Top of RECORDS SHOWN
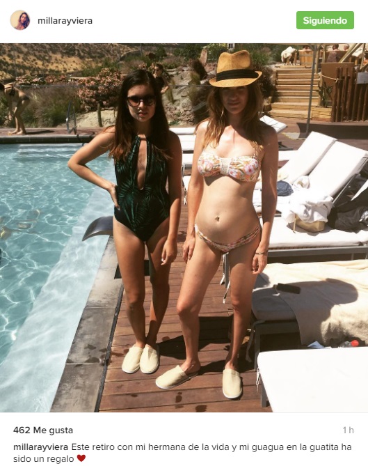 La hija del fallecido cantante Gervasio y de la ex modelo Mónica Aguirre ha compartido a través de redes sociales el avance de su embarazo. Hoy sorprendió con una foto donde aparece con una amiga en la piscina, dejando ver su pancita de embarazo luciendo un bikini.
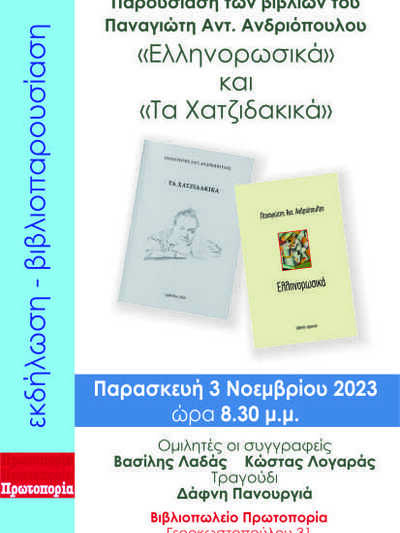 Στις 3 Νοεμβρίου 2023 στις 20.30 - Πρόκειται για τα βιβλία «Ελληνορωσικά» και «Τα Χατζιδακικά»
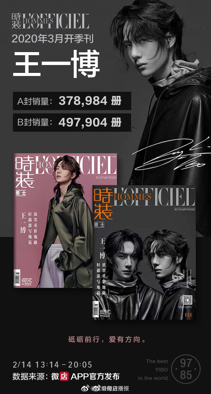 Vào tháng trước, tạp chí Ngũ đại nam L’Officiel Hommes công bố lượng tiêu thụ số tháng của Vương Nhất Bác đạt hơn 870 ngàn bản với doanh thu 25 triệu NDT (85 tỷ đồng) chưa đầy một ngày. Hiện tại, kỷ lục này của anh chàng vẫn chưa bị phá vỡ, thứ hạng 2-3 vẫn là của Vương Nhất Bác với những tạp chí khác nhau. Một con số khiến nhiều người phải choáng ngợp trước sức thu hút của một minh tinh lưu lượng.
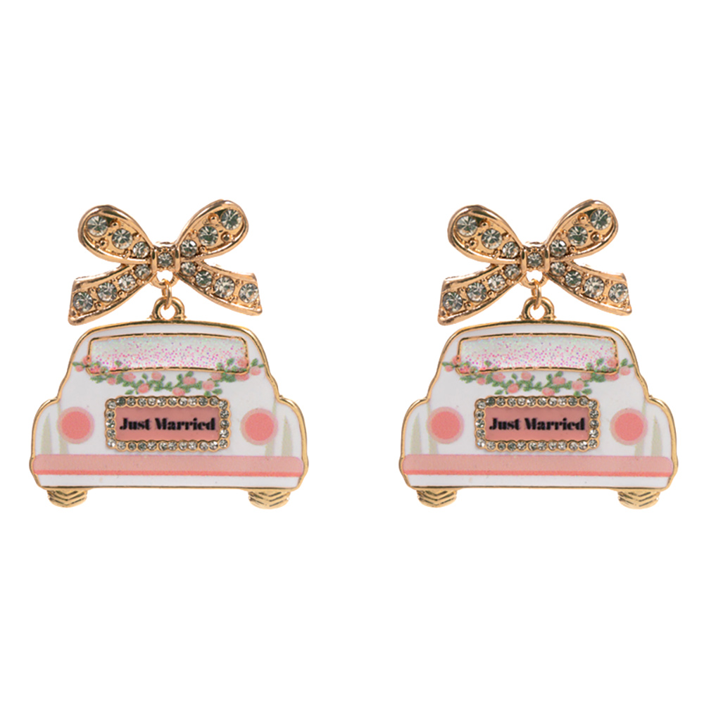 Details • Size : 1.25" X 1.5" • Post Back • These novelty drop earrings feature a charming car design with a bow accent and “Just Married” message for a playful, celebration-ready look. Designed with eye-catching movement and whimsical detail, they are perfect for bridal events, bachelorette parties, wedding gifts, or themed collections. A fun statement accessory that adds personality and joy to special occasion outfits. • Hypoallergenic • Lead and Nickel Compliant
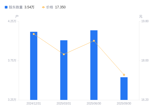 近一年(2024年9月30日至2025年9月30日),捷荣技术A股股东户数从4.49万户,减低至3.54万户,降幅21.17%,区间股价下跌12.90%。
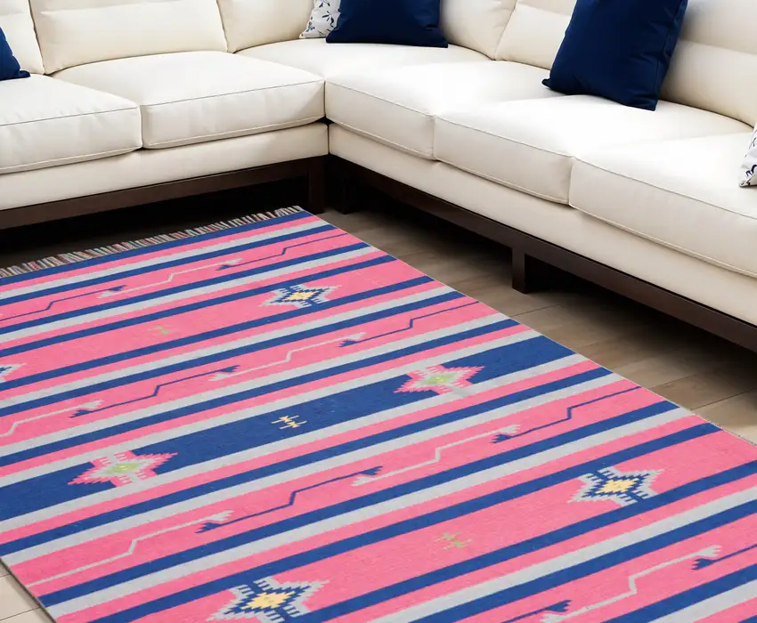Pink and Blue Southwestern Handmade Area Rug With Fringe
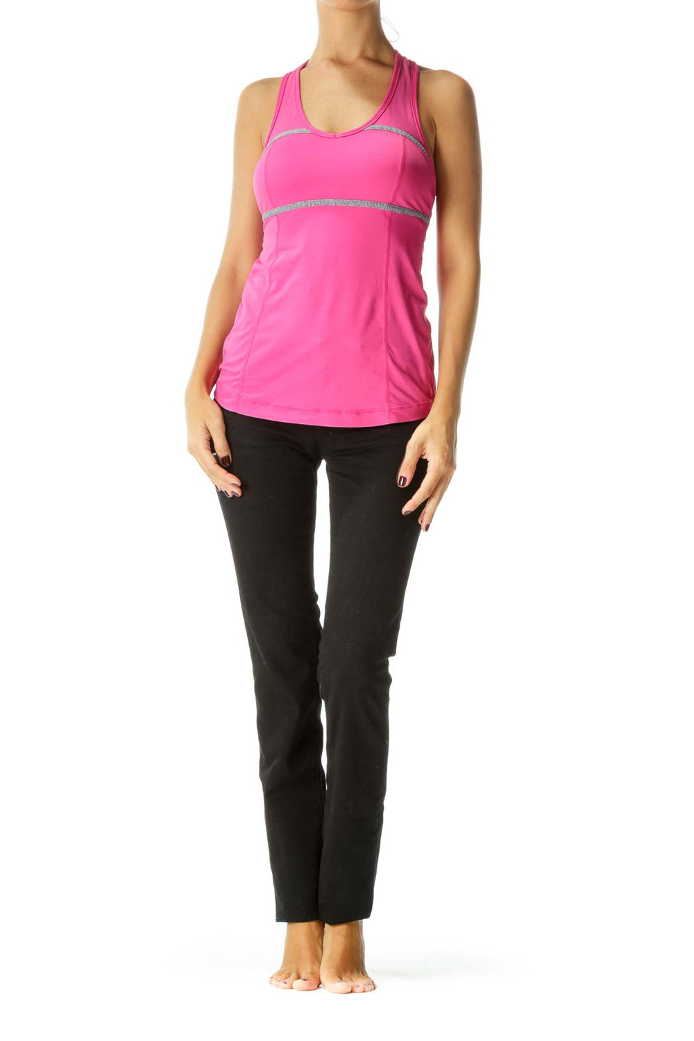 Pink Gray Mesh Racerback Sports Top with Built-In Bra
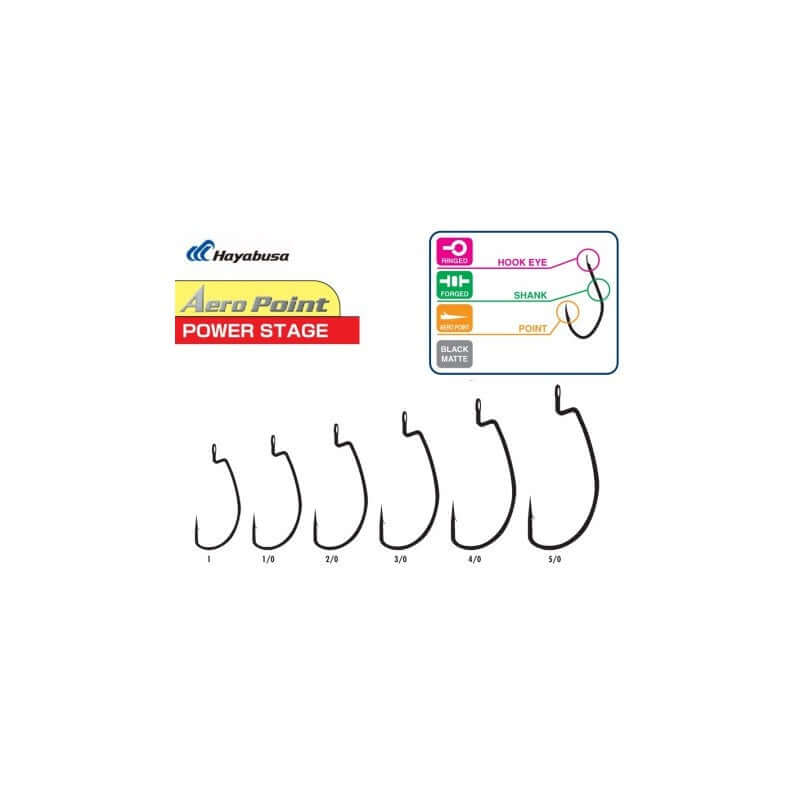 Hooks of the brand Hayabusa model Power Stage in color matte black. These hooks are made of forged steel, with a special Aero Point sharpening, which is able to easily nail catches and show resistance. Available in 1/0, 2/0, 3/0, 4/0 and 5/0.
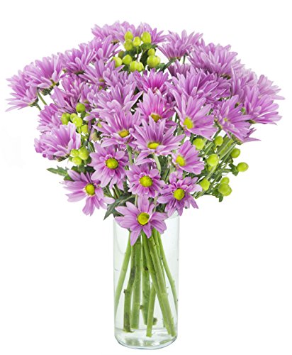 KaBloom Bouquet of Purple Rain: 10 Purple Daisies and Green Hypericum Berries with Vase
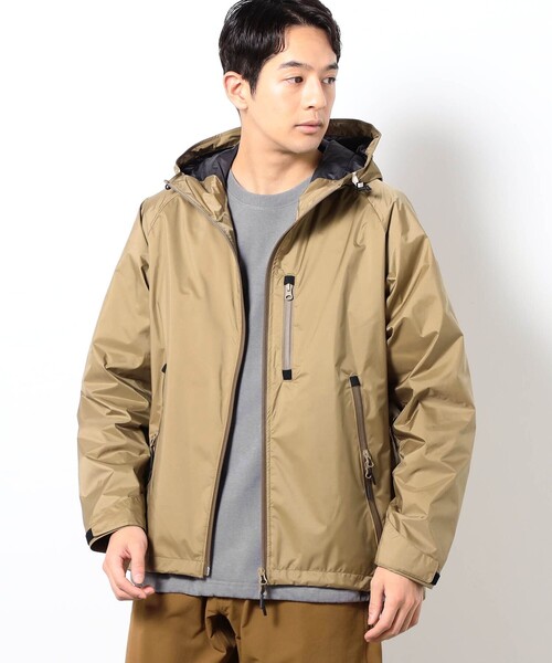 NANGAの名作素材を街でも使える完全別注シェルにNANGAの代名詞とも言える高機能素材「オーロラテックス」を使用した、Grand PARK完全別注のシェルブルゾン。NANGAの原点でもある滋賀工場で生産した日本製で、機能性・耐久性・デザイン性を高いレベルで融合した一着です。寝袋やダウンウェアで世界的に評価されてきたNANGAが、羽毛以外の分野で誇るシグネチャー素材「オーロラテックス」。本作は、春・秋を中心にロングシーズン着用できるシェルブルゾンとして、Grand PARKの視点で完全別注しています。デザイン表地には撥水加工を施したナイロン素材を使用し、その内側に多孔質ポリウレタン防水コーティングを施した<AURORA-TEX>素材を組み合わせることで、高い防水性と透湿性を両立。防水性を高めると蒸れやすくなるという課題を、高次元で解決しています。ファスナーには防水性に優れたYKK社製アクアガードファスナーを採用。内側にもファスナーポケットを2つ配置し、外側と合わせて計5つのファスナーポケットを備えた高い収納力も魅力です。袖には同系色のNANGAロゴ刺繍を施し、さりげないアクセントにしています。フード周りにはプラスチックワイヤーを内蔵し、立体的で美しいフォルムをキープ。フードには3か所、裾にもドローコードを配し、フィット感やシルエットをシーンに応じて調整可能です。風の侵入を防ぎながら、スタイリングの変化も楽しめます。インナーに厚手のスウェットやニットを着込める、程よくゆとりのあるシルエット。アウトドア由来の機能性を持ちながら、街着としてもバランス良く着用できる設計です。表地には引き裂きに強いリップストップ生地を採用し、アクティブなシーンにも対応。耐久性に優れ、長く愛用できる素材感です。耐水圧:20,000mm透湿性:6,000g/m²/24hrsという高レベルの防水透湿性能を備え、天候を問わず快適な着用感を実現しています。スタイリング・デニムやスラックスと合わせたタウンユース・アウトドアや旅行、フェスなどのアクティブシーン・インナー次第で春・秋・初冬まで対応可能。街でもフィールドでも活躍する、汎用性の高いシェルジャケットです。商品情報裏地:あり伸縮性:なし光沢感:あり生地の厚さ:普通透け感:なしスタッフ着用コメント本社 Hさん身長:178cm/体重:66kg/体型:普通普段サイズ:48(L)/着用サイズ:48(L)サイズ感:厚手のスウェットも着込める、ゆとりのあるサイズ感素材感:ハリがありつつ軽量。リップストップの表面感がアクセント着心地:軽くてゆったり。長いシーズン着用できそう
Bottom of RECORDS SHOWN
Top of RECORDS SHOWN
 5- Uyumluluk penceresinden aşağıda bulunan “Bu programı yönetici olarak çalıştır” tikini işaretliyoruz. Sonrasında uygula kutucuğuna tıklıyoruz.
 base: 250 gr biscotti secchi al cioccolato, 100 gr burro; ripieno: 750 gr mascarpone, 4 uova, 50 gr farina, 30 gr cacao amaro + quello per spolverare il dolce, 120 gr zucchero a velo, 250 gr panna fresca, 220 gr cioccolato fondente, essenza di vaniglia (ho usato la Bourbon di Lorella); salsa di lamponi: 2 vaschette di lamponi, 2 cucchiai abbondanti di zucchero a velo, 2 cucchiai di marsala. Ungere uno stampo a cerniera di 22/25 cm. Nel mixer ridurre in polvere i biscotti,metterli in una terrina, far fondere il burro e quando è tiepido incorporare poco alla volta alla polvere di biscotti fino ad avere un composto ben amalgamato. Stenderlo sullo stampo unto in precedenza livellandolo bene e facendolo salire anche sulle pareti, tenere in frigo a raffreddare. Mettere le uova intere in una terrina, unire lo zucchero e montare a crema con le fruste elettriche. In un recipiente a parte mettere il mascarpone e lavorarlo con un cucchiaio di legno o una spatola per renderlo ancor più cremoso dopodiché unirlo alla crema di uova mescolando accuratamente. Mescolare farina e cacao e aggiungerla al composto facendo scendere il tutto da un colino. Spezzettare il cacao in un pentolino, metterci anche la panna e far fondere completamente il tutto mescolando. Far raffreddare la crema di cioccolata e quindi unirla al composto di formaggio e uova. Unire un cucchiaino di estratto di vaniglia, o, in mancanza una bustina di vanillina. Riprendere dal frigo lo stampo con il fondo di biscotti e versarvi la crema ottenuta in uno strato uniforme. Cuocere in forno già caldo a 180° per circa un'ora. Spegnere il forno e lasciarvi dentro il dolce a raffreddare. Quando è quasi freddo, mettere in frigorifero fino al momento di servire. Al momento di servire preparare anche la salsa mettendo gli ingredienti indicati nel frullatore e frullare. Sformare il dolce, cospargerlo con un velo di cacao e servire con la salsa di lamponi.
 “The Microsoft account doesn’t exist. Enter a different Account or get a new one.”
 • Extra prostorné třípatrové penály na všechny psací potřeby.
Bottom of RECORDS SHOWN
Top of RECORDS SHOWN
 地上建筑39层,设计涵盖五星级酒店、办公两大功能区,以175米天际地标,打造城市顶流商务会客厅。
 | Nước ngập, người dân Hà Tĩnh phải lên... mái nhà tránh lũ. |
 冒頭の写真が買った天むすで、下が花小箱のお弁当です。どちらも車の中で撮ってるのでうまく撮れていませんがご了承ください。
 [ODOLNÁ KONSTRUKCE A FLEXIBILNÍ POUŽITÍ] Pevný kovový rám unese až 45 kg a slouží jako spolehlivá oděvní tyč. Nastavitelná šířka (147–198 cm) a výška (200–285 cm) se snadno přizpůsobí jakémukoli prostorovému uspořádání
Bottom of RECORDS SHOWN
**PROBLEM DETAILS:** Given the data above, transcribe exactly the lines from the one containing "冒頭の写真が買った天むすで、" down to the one containing "[ODOLNÁ KONSTRUKCE A", and no others.

**SOLUTION FOR THIS EXERCISE:**
 冒頭の写真が買った天むすで、下が花小箱のお弁当です。どちらも車の中で撮ってるのでうまく撮れていませんがご了承ください。
 [ODOLNÁ KONSTRUKCE A FLEXIBILNÍ POUŽITÍ] Pevný kovový rám unese až 45 kg a slouží jako spolehlivá oděvní tyč. Nastavitelná šířka (147–198 cm) a výška (200–285 cm) se snadno přizpůsobí jakémukoli prostorovému uspořádání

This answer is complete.